Reexamination Certificate

active

06395473

ABSTRACT:

FIELD OF THE INVENTION
The present invention relates to an assay system in mammalian cells using a recombinant adenovirus vector.
BACKGROUND OF THE INVENTION
Some drugs and drug metabolites effect a transcriptional response in key genes within the cell. Promoter/reporter assay systems are one way to examine transcriptional regulation in vitro. In general, promoter/reporter assay system join a promoter to a reporter gene whose transcriptional or translational product is known. If the promoter actually directs transcription and/or translation of the reporter gene, its transcriptional and/or translational product can be easily determined.
To date, standard plasmid vectors have been used for delivery of promoter/reporter cassettes to cells. However, traditional methods, such as lipofection, calcium phosphate precipitation, and electroporation, are cumbersome and generally inefficient delivery systems when the cells are mammalian, and in particular primary hepatocytes.
The liver is the primary site for metabolism of most drugs.

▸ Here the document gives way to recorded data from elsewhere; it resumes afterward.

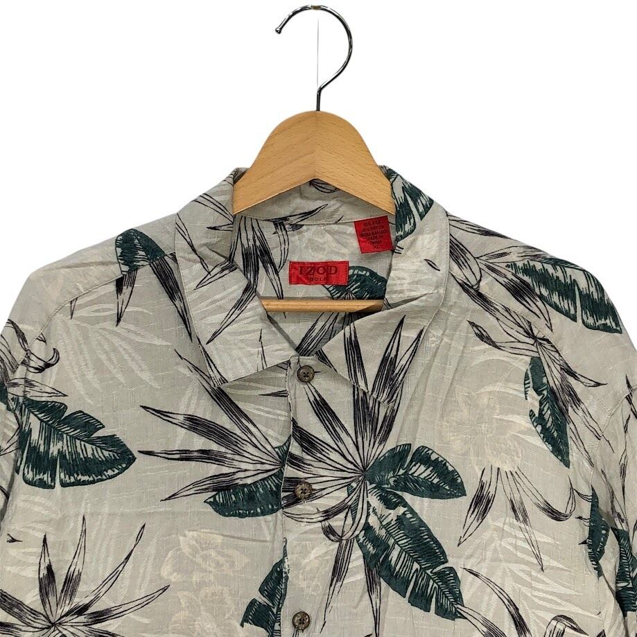 IZOD GOLF アイゾッドゴルフ アロハシャツ 総柄 シルクシャツ レーヨンシャツ 半袖シャツ ボタンダウン China製 XLサイズ グレー グリーン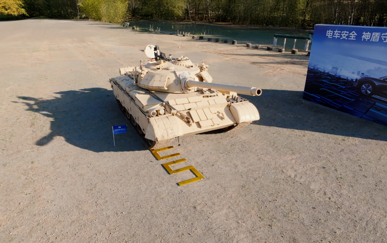 此次试炼模拟用户驾车遭遇极端外力冲击后,电池包受到底部剧烈撞击,电池受到外部传递的极端挤压的场景。一辆质量为36吨的ZTZ-59D中型坦克(简称“59D坦克”),以单边履带反复碾压2次神盾金砖电池包,再连续碾压1块及10块神盾金砖电池。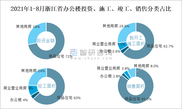 2021年1-8月浙江省辦公樓投資、施工、竣工、銷售分類占比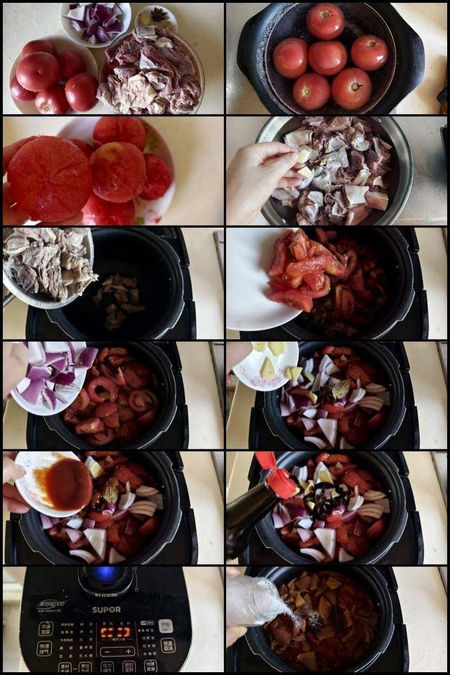制作:1. 准备好原材料; 2. 烧锅开水,将番茄整个放进锅中焯烫2分钟;3. 这样番茄皮很容易炸开, 将番茄皮处理干净后切成片备用; 4. 烧锅水, 将牛腩冷水下锅焯煮,加入少许姜片和高度白酒去腥,焯出浮沫后捞出用热水冲洗干净备用; 5. 将焯好的牛腩倒入电炖锅中; 6. 加入准备好的番茄块; 7. 加入准备好的洋葱片; 8. 加入姜片、八角、桂皮等调味料; 9. 加入1小碟番茄酱; 10. 加入少许料酒和生抽; 11. 按下电炖锅炖煮牛羊肉的功能键; 12. 炖煮好后加入少许盐和胡椒粉调味即可;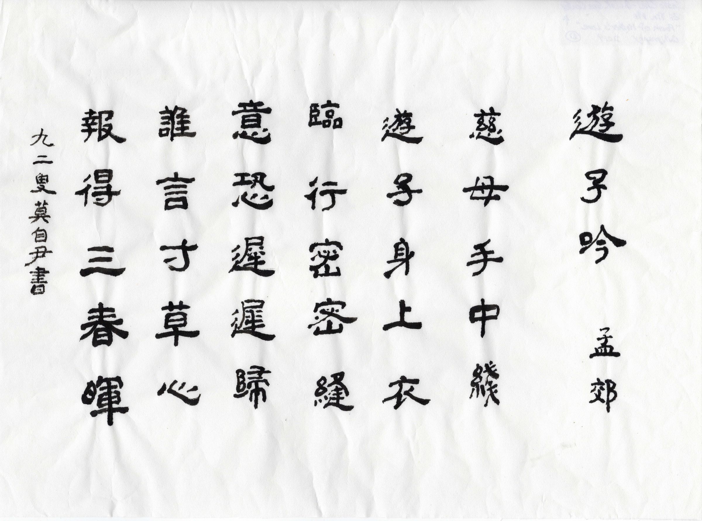 On Lok Gee Center - Zi Yin Mo - Poem of Mother's Love - 2019Description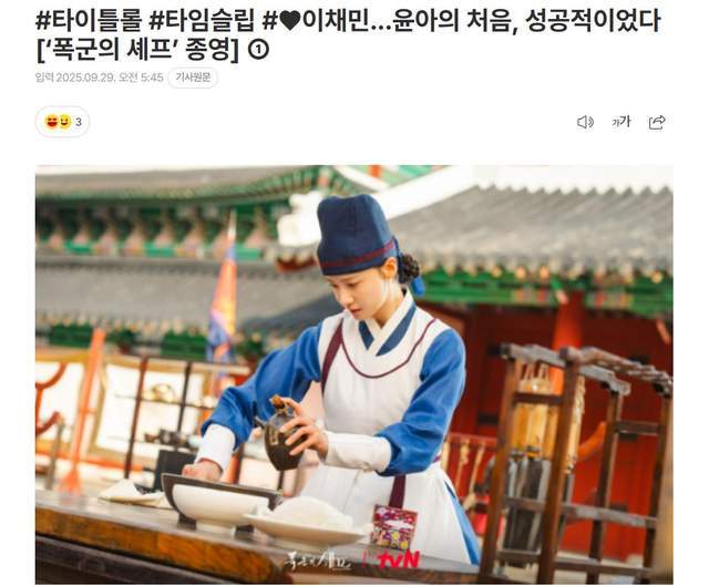 当“少女时代”的林允儿遇上朝鲜时代的“暴君”,一场收视风暴就此引爆。据韩国媒体9月29日报道,刚刚收官的tvN周末剧《暴君的厨师》,不仅让林允儿首度担纲电视剧标题角色,更以“时间穿越+年下恋”的奇幻设定,让她稳稳接住了这波流量——或者说,她本人就成了流量本身。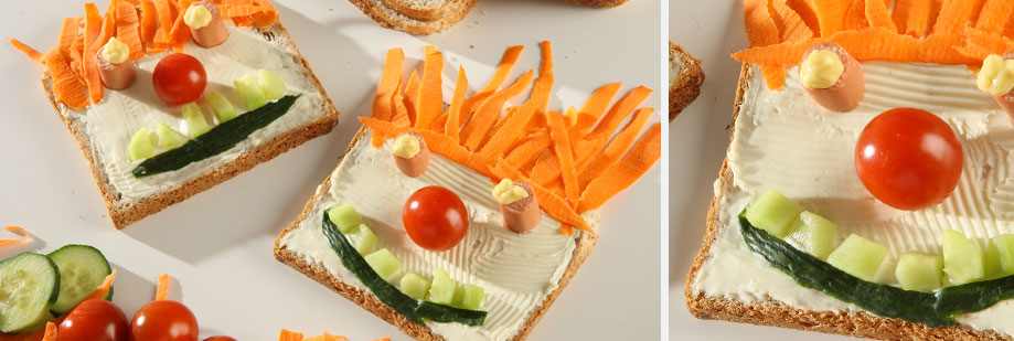 • Râper la carotte et mélanger avec le reste de vinaigrette et disposer sur le haut de la tartine pour faire les cheveux.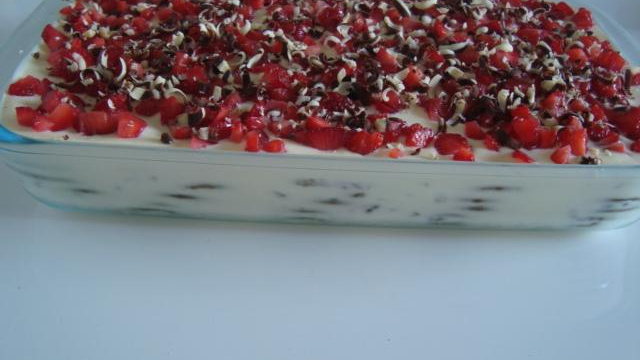 Na última camada, coloque os morangos picados e o chocolate raspado ou granulado.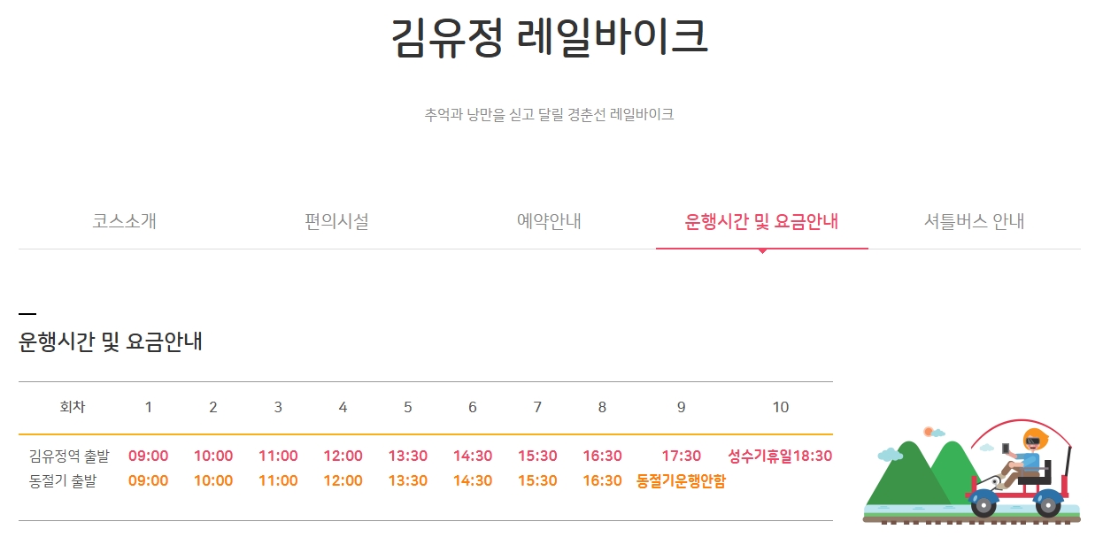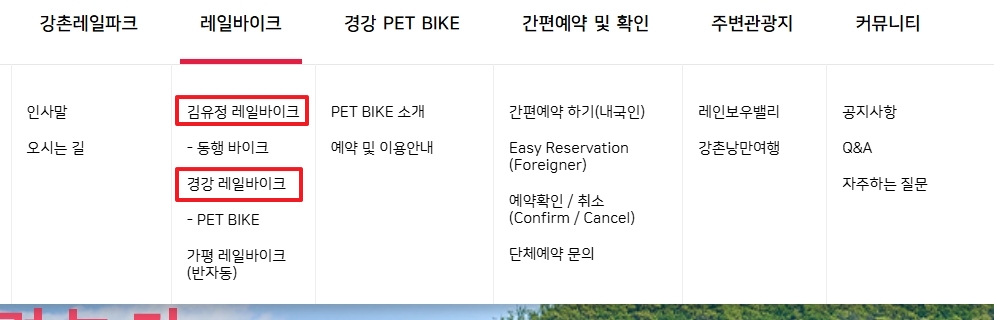 - 메뉴 항목: 김유정 레일바이크, 동행 바이크, 경강 레일바이크, PET BIKE, 가평 레일바이크(반자동).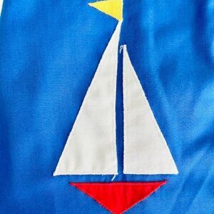 Fischel by Johnston Vintage Retro Sailboat Seaguls Blue Yellow Dress Size 3T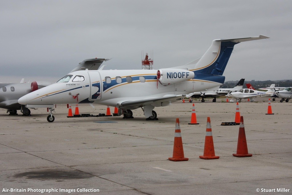 The cabin of N100FF is configured as a four-place club layout with forward wardrobe and an aft enclosed flushing lavatory, finished in the factory Agate interior with light taupe seating and mahogany laminate cabinetry. Avionics for this airframe are listed as Embraer Prodigy Touch / Garmin G1000, with many 2010 examples incorporating Prodigy/G1000 synthetic vision; this fit supports single-pilot operation typical of light business jets. Operationally, the airframe’s seating, range of 1,178 nm and cruise of 390 kts position it for short to mid-range corporate and charter missions operating from bases such as its owner’s Scottsdale, AZ location. Maintenance considerations follow standard Embraer multi-engine fixed-wing schedules for the type and powerplants.

The levels of several drug metabolizing enzymes in the liver are altered in response to drug exposure and in some instances this alteration is a result of transcriptional regulation. Liver cell cultures would provide a good model of drug metabolism in vivo, but liver cells are difficult to transfect efficiently.
It would also be desirable to efficiently transfect mammalian cells with foreign DNA to study promoter regulation of a gene involved in drug metabolism. It would also be desirable to obtain an assay system to examine transcriptional regulation of genes coding for a drug metabolizing enzyme in mammalian cells.
DETAILED DESCRIPTION OF THE INVENTION
The present invention relates to a method of determining if a candidate promoter is responsive to an inducing agent in a mammalian cell culture comprising:
a) constructing an adenovirus vector wherein an E1 gene region is replaced by the candidate promoter operatively linked to a reporter gene construct;
b) introducing the vector into mammalian cells;
c) contacting the cells with an inducing agent; and
d) determining if the reporter gene is expressed.
The present invention further relates to a method of determining if a promoter is responsive to a candidate promoter inducing agent in a mammalian cell culture comprising:
a) constructing an adenovirus vector wherein an E1 gene region is replaced by the promoter operatively linked to a reporter gene construct;
b) introducing the vector into mammalian cells;
c) contacting the cells with a candidate inducing agent; and
d) determining if the reporter gene is expressed.
In both of the methods described, there may be an optional step of quantifying the expression of the reporter gene.
In a specific embodiment, the present invention relates to a rat glutathione S-transferase Ya subunit promoter sequence linked to a reporter construct, chloramphenicol acetyltransferase (CAT).


REFERENCES:
patent: 5654168 (1997-08-01), Bujard et al.
patent: 5733745 (1998-03-01), Kowalski et al.
patent: 6204060 (2001-03-01), Mehtali et al.
Bernard Massie et al, Inducible Overexpression of a Toxic Protein by an Adenovirus Vector with a Tetracycline-Regulatable Expression Cassette, Journal Of Virology, Mar. 1998, pp. 2289-2296.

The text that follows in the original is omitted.